Collection entries:
= Beginning of Section =

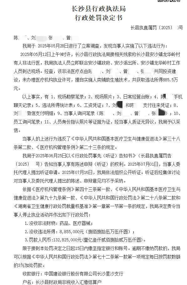 最高罚款1.3亿!长沙通报地下代孕机构行政处罚情况
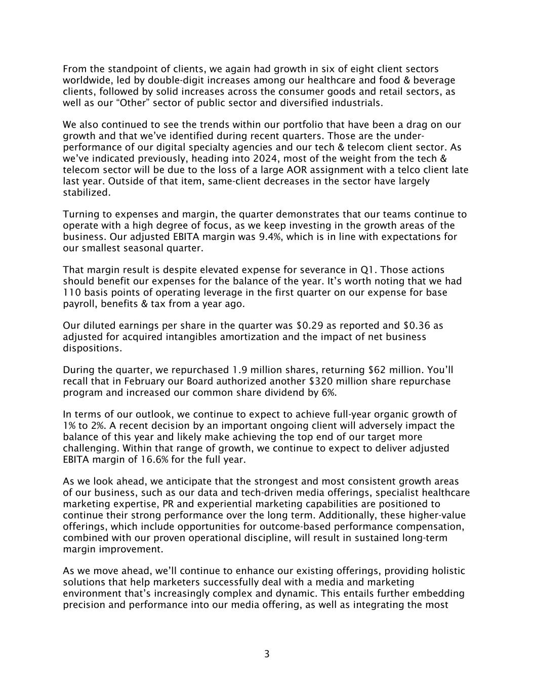 3 From the standpoint of clients, we again had growth in six of eight client sectors worldwide, led by double-digit increases among our healthcare and food & beverage clients, followed by solid increases across the consumer goods and retail sectors, as well as our “Other” sector of public sector and diversified industrials. We also continued to see the trends within our portfolio that have been a drag on our growth and that we’ve identified during recent quarters. Those are the under- performance of our digital specialty agencies and our tech & telecom client sector. As we’ve indicated previously, heading into 2024, most of the weight from the tech & telecom sector will be due to the loss of a large AOR assignment with a telco client late last year. Outside of that item, same-client decreases in the sector have largely stabilized. Turning to expenses and margin, the quarter demonstrates that our teams continue to operate with a high degree of focus, as we keep investing in the growth areas of the business. Our adjusted EBITA margin was 9.4%, which is in line with expectations for our smallest seasonal quarter. That margin result is despite elevated expense for severance in Q1. Those actions should benefit our expenses for the balance of the year. It’s worth noting that we had 110 basis points of operating leverage in the first quarter on our expense for base payroll, benefits & tax from a year ago. Our diluted earnings per share in the quarter was $0.29 as reported and $0.36 as adjusted for acquired intangibles amortization and the impact of net business dispositions. During the quarter, we repurchased 1.9 million shares, returning $62 million. You’ll recall that in February our Board authorized another $320 million share repurchase program and increased our common share dividend by 6%. In terms of our outlook, we continue to expect to achieve full-year organic growth of 1% to 2%. A recent decision by an important ongoing client will adversely impact the balance of this year and likely make achieving the top end of our target more challenging. Within that range of growth, we continue to expect to deliver adjusted EBITA margin of 16.6% for the full year. As we look ahead, we anticipate that the strongest and most consistent growth areas of our business, such as our data and tech-driven media offerings, specialist healthcare marketing expertise, PR and experiential marketing capabilities are positioned to continue their strong performance over the long term. Additionally, these higher-value offerings, which include opportunities for outcome-based performance compensation, combined with our proven operational discipline, will result in sustained long-term margin improvement. As we move ahead, we’ll continue to enhance our existing offerings, providing holistic solutions that help marketers successfully deal with a media and marketing environment that’s increasingly complex and dynamic. This entails further embedding precision and performance into our media offering, as well as integrating the most
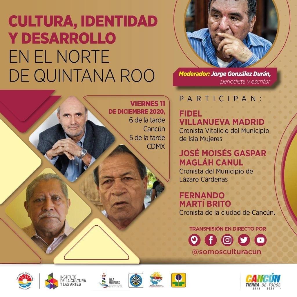 Detalló que en dicho conversatorio participarán el Cronista Vitalicio de Isla Mujeres, Fidel Villanueva Madrid; el Cronista del municipio de Lázaro Cárdenas, José Moisés Gaspar Maglán Canul y el Cronista de Cancún, Fernando Martí Brito, siendo moderador el periodista y escritor, Jorge González Durán.
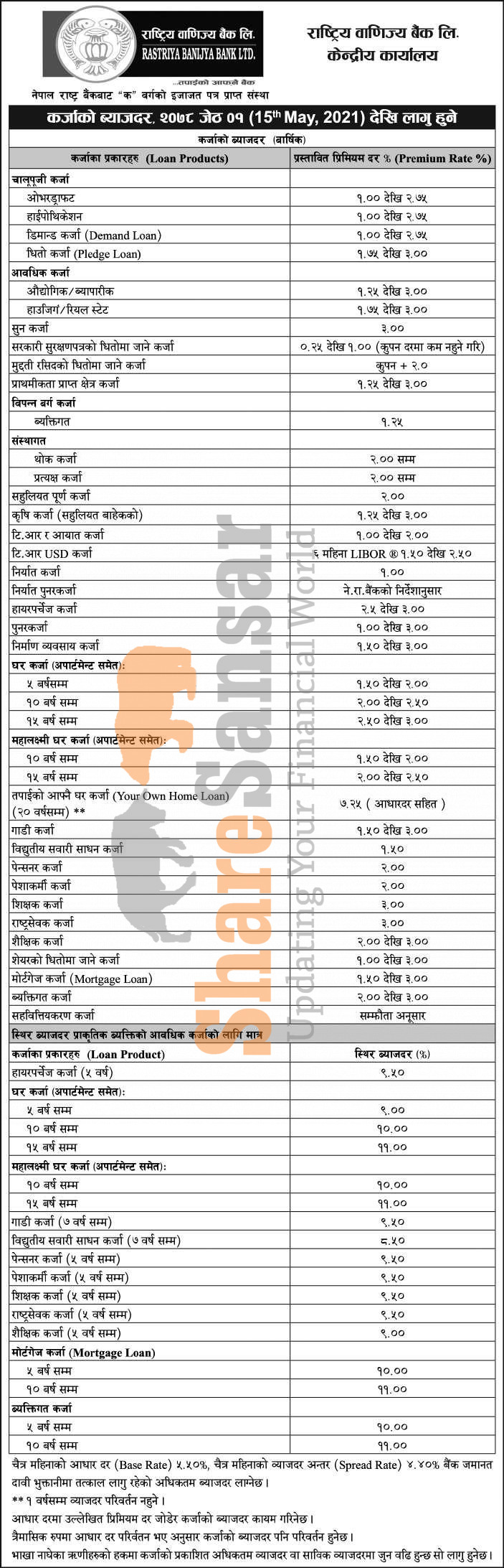 Rastriya Banijya Bank Limited has published a notice regarding the new interest rate for Loan and advances products and it's effective from 1st Jestha, 2078.
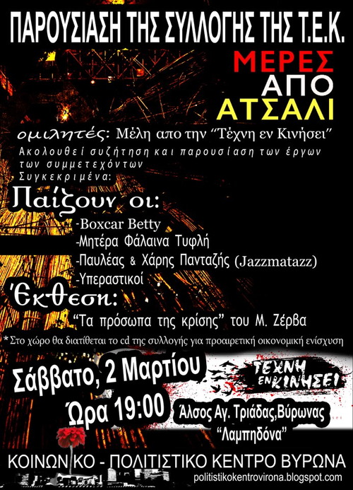 Το Σάββατο 2 Μαρτίου στις 7.30 μμ το Κοινωνικό Πολιτιστικό Κέντρο Βύρωνα παρουσιάζει στη Λαμπηδόνα (άλσος Αγίας Τριάδας), τη συλλογή της ΤΕΚ "Μέρες από ατσάλι". Τις αρχικές τοποθετήσεις θα τις κάνουν μέλη της ΤΕΚ. Θα ακολουθήσει συζήτηση και μετά συναυλία με τους:
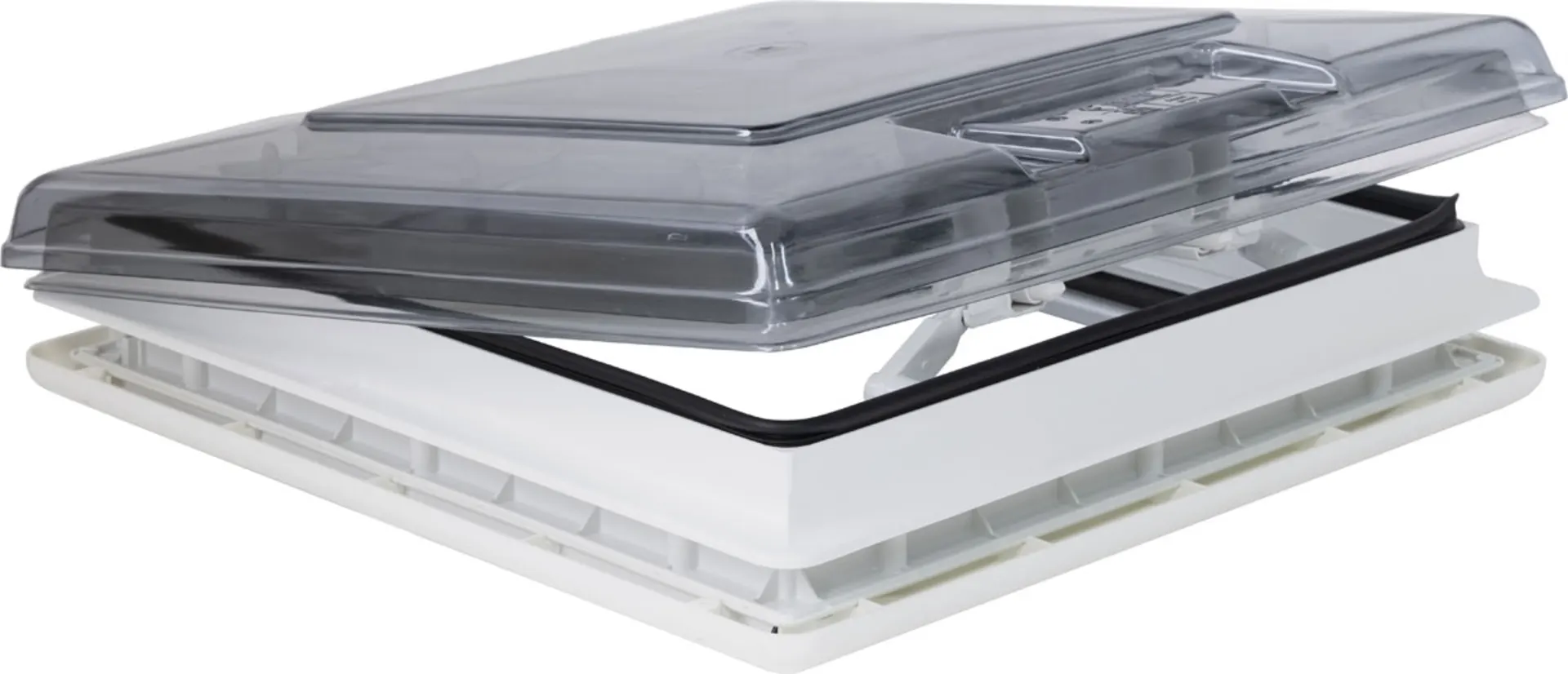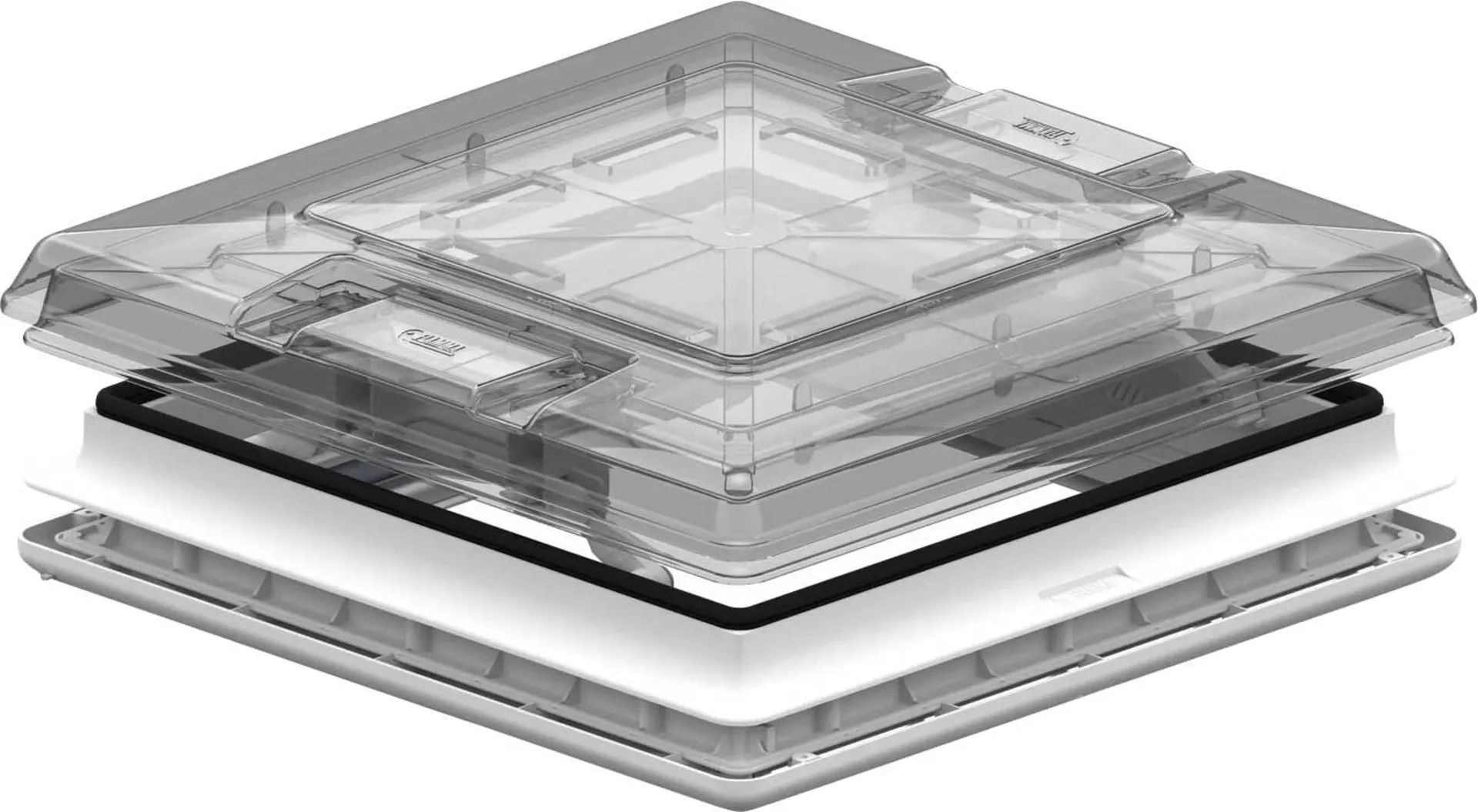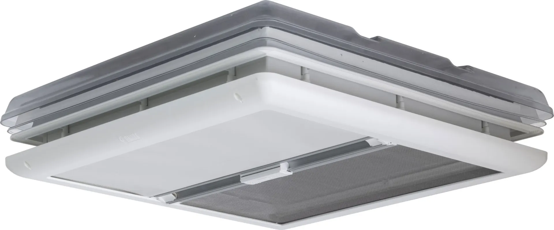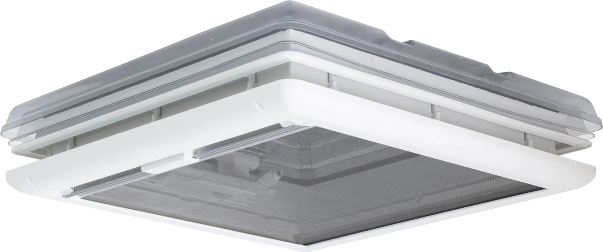 Die aufstellbare Vent 50 Dachhaube von Fiamma inklusive Verdunkelungsrollo und Moskitonetz, welche sich von allen Seiten mit den bequemen Griffen öffnen lässt. Die Größe dieser Dachhaube beträgt 50 x 50 cm. Die Aussenschicht der Vedunklung ist mit hitzeabweisenden Aluminium beschichtet. Aufgrund der Dauerbelüftung ist eine stetige Wind- und Regenbeständigkeit garantiert.

= End of Section =

Try it: In the records above, the lines from the one containing "Detalló que en" through the last line are to be written out exactly, both ends included and pictures omitted.

Output for this exercise:
 Detalló que en dicho conversatorio participarán el Cronista Vitalicio de Isla Mujeres, Fidel Villanueva Madrid; el Cronista del municipio de Lázaro Cárdenas, José Moisés Gaspar Maglán Canul y el Cronista de Cancún, Fernando Martí Brito, siendo moderador el periodista y escritor, Jorge González Durán.
 Rastriya Banijya Bank Limited has published a notice regarding the new interest rate for Loan and advances products and it's effective from 1st Jestha, 2078.
 Το Σάββατο 2 Μαρτίου στις 7.30 μμ το Κοινωνικό Πολιτιστικό Κέντρο Βύρωνα παρουσιάζει στη Λαμπηδόνα (άλσος Αγίας Τριάδας), τη συλλογή της ΤΕΚ "Μέρες από ατσάλι". Τις αρχικές τοποθετήσεις θα τις κάνουν μέλη της ΤΕΚ. Θα ακολουθήσει συζήτηση και μετά συναυλία με τους:
 Die aufstellbare Vent 50 Dachhaube von Fiamma inklusive Verdunkelungsrollo und Moskitonetz, welche sich von allen Seiten mit den bequemen Griffen öffnen lässt. Die Größe dieser Dachhaube beträgt 50 x 50 cm. Die Aussenschicht der Vedunklung ist mit hitzeabweisenden Aluminium beschichtet. Aufgrund der Dauerbelüftung ist eine stetige Wind- und Regenbeständigkeit garantiert.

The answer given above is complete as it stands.